Dual-energy CT allows acquisition of images simultaneously at high- and
low-energy spectra simultaneously with radiation doses that is equal to
or less than the conventional single-energy CT. Virtual noncontrast
images can be generated from dual-energy CT dataset reducing acquisition
time and radiation 43.
Iodine concentration in the tumor can also be assessed qualitatively and
quantitatively. This may help in tumor delineation and separation
between residual viable tumor and treatment fibrosis44.

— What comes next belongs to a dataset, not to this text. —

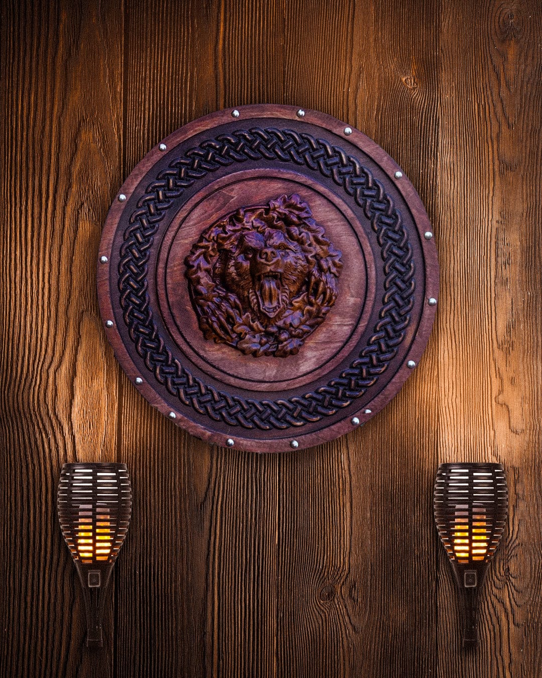 Le Bouclier Viking – Krystallskjold est une pièce décorative inspirée de la culture nordique. Ce bouclier circulaire est fabriqué avec une structure en bois et des détails décoratifs en métal, idéal pour compléter une décoration intérieure, une collection ou être utilisé lors de cosplay et de reconstitutions historiques.

There are several advanced MRI techniques that are used for imaging of
tumors in the skull base and head and neck region, such as
high-resolution 3D MRI, DWI, MR perfusion, and MR spectroscopy. These
techniques have demonstrated a wide range of potential utilities in
diagnosis, tumor prognostication and posttreatment evaluation35,40,41.
Moreover, newer MR technology such as fast MRI sequences can reduce the
scan time which is particularly useful in pediatric population as it can
minimize motion artifact and decrease sedation needs45. Furthermore, zero
echo time (TE) sequences, so called black bone MRI, may show promise in
bone evaluation due to its high soft tissue/ bone contrast reducing the
need for CT46,47.
More scientific data and research are needed to evaluate the efficacy of
these advanced techniques in clinical practice.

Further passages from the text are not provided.